Another employee came to me after the store next door closed.  She was well liked, very friendly and older in a grandmotherly way.  I really thought she was going to help us out.  What I didn’t know was that she was almost legally blind and had a bad habit of just making things up for customers, instead of finding out whether something was available or not.  This was hurting business.  If that wasn’t enough, she also was in the advice business. As in, I corner you during your break and tell you what you need to do with your life sort of advice.  It had gotten so bad (unbeknownst to me) that my most trusted employee was in tears and about to quit.  I actually had to fire Grandma, because she wouldn’t stop cornering people even after being warned.
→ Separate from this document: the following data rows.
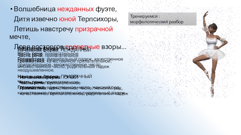 Грамматика: единственное число, женский род, качественное прилагательное,родительный падеж
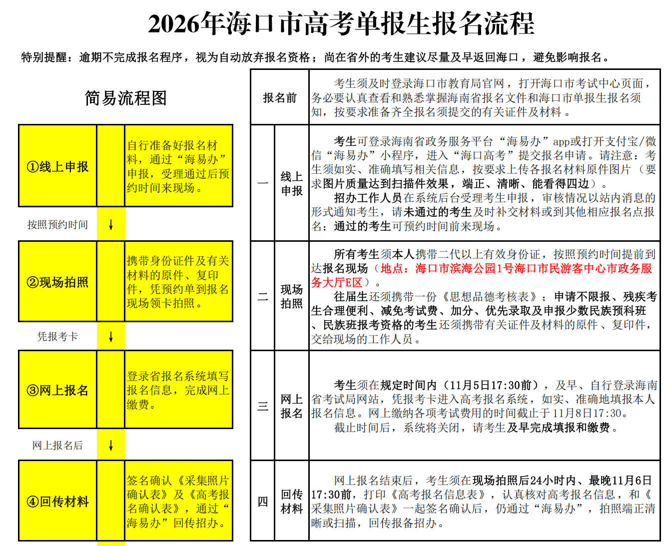 10月27日消息,记者从海口市高招办获悉,2026年海口市高考单报生报名、体检及考试时间已经正式公布,10月28日8:30至11月4日17:30为线上申报时间。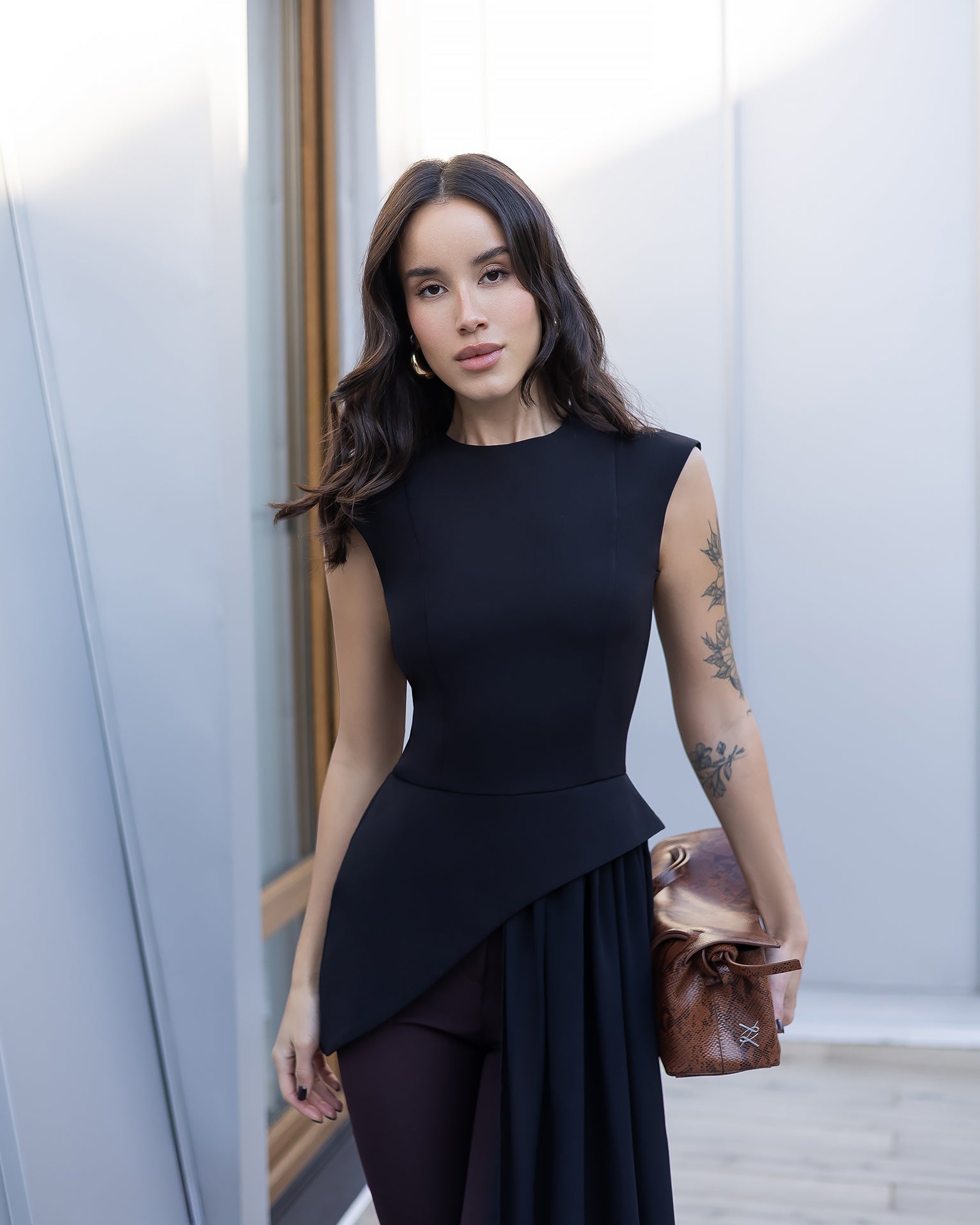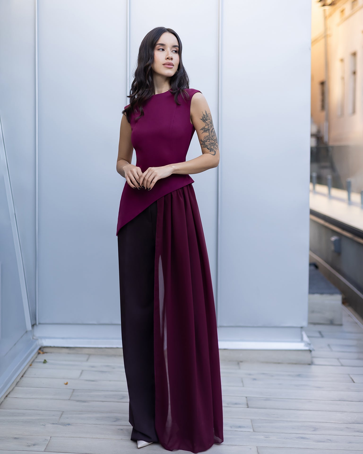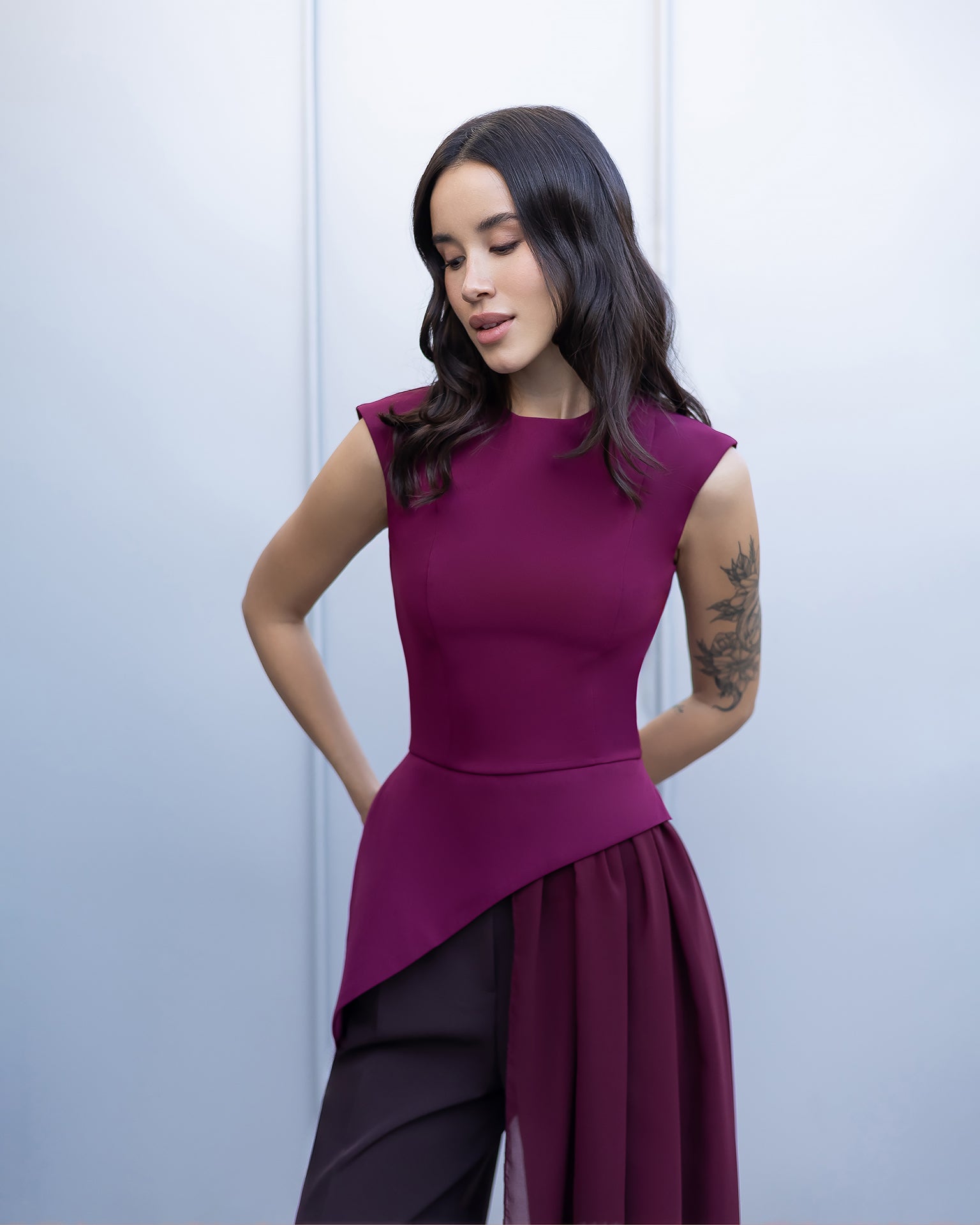 The Ceora Top is an elegant and modern piece that stands out with its sharp lines and refined silhouette. Accented with chiffon detailing, it brings a delicate, feminine touch — perfect for special occasions or stylish evening looks.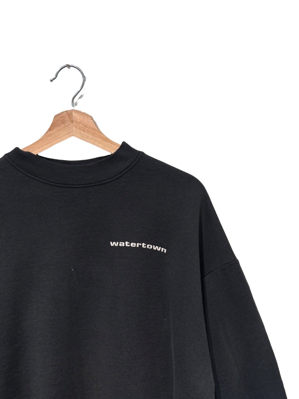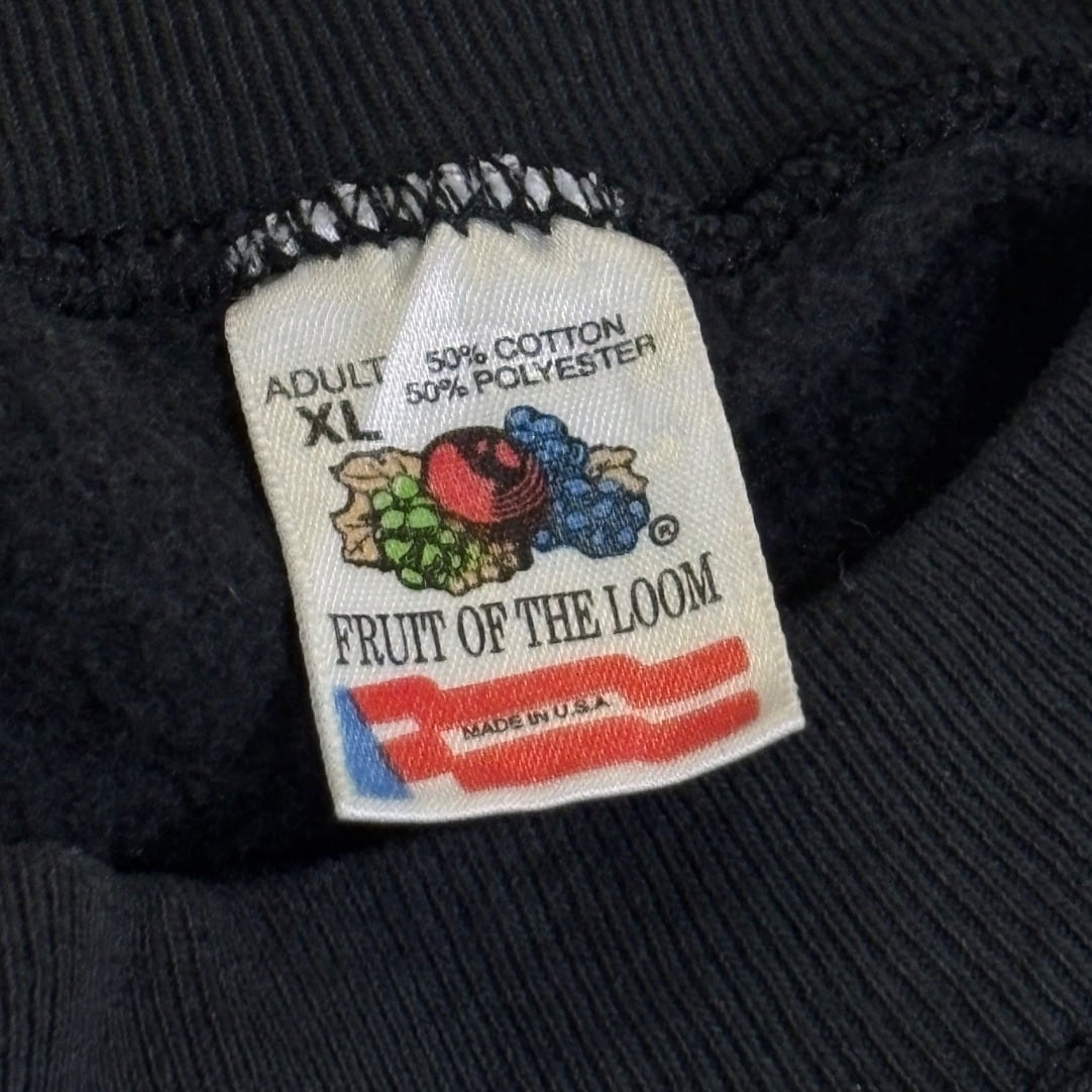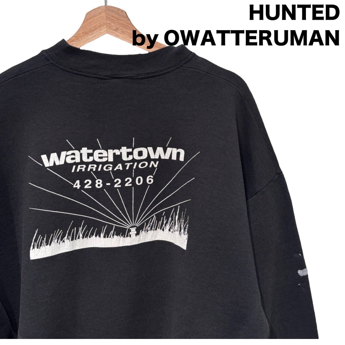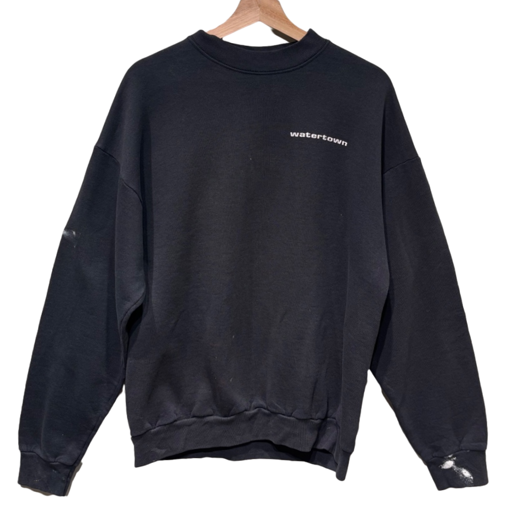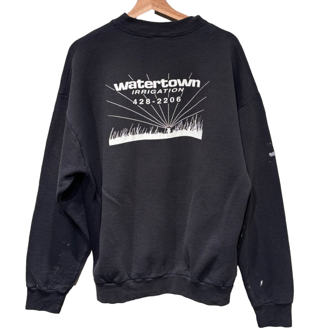 胸の小さなロゴと背中の大きな業者系プリント("watertown IRRIGATION 428-2206")は、地元の設備業者やショップの配布物として作られるプロモーショナルスウェットの典型的な仕様です。ボディのタグはFruit of the Loomで、50%コットン/50%ポリエステル、Made in U.S.A.表記があるため、量産されたブランクボディに業者プリントを入れた90s頃の作りと推定します(確定情報ではなく推定です)。着込まれた雰囲気と袖・袖口の白いペンキ飛びがワークウェアとしての実使用感を感じさせます。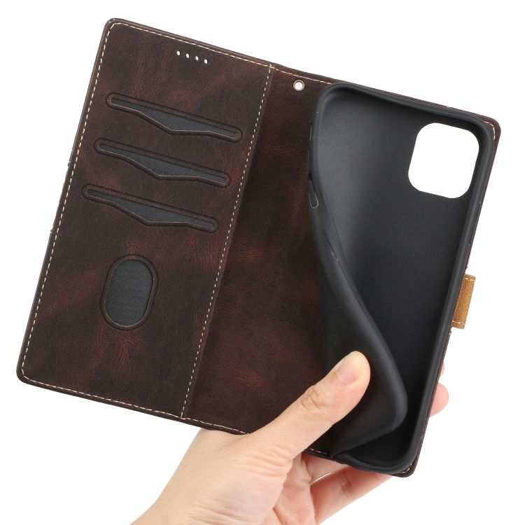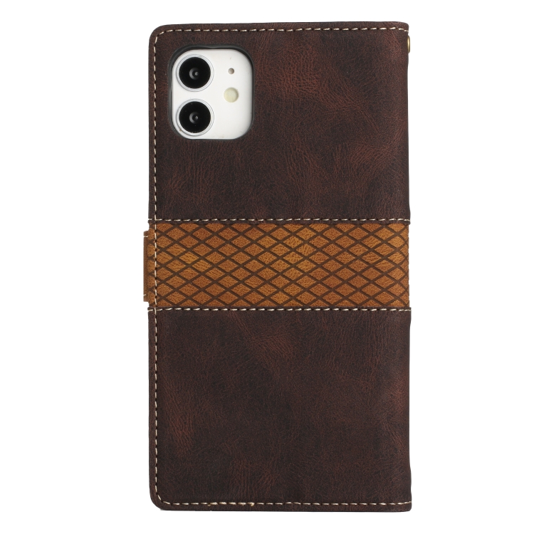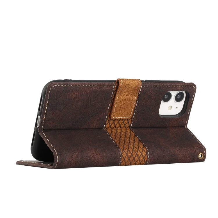 Funda de Cuero para iPhone 11 con Costuras en Cuadrícula y Cordón (Marrón)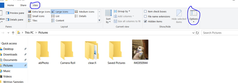 - Within Windows Explorer, click the Organize button and click on the View tab to select Options: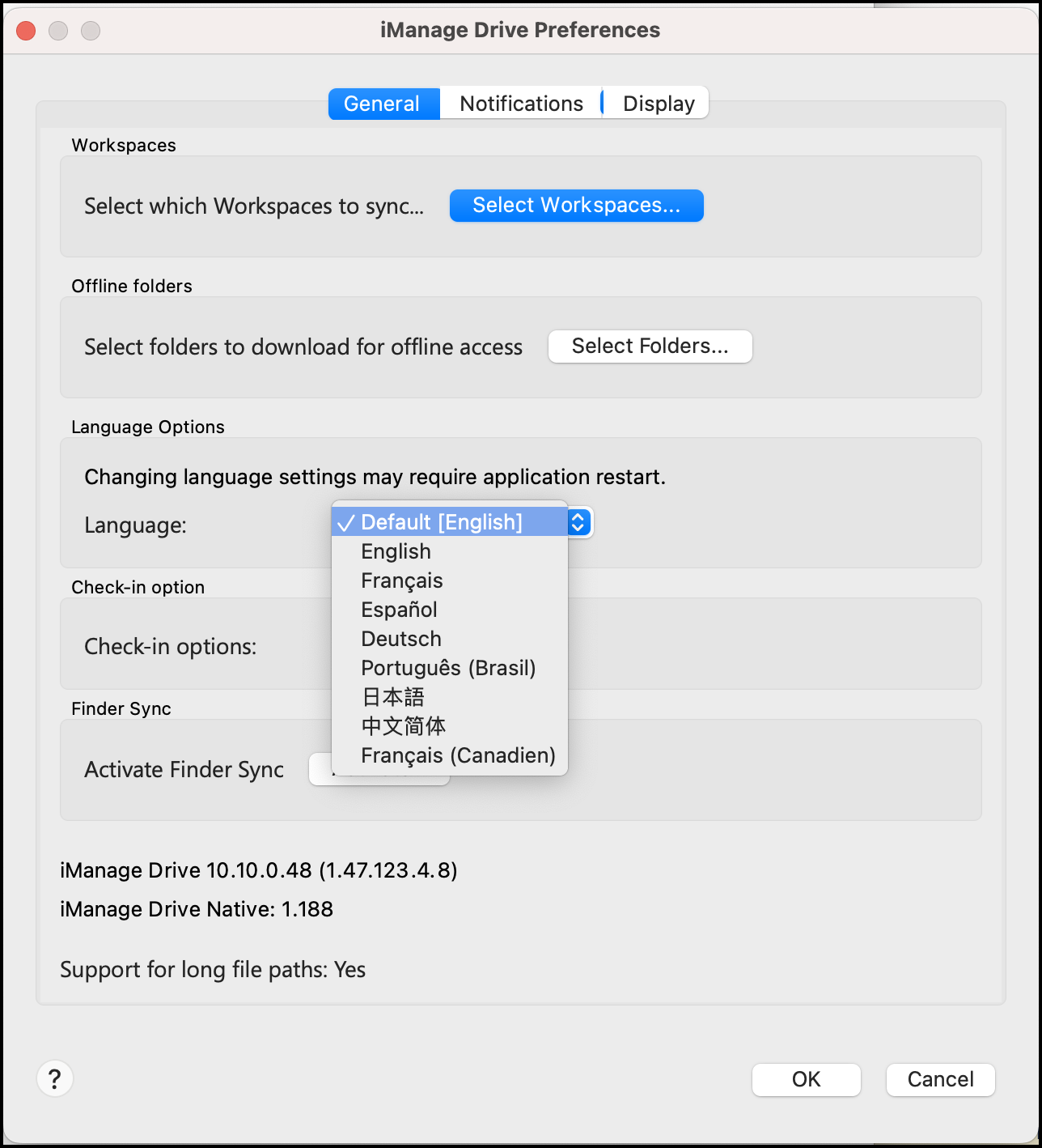 Sie können jetzt Kanadisches Französisch als Sprache für die iManage Drive-Benutzeroberfläche festlegen, indem Sie Kanadisches Französisch in der Dropdown-Liste Sprache auf der Registerkarte Präferenzen auswählen. Für weitere Informationen zum Ändern der Anwendungssprache lesen Sie bitte den Abschnitt Ändern der Anwendungssprache.

Last but not least, the roguest employee of them all was a seasonal hire from the local Christian college.  He was nice enough, still a little green, but trying his best.  He came in after about 2 weeks and was sick as a dog.  He sneezed and coughed on everyone before we sent him home, but within days, all of us were now fighting a cold.  He was due to cover me for the weekend so that I could take my wife out on a date.  He had been in earlier that day to cash his paycheck, so I was sure that I was good.  Just as we were dressed and heading out the door,  I received a call that he had not shown up for work and that the store was mobbed.  Ugh….I went into the store to help, and tried tracking down my rogue employee.  He never did answer his phone.  I had his folks number on his application, so I gave it a try. His mother, very apologetically, informed me that she had just received a call from him.  He was half way to Florida for spring break.  Yep…not much chance of that date happening now.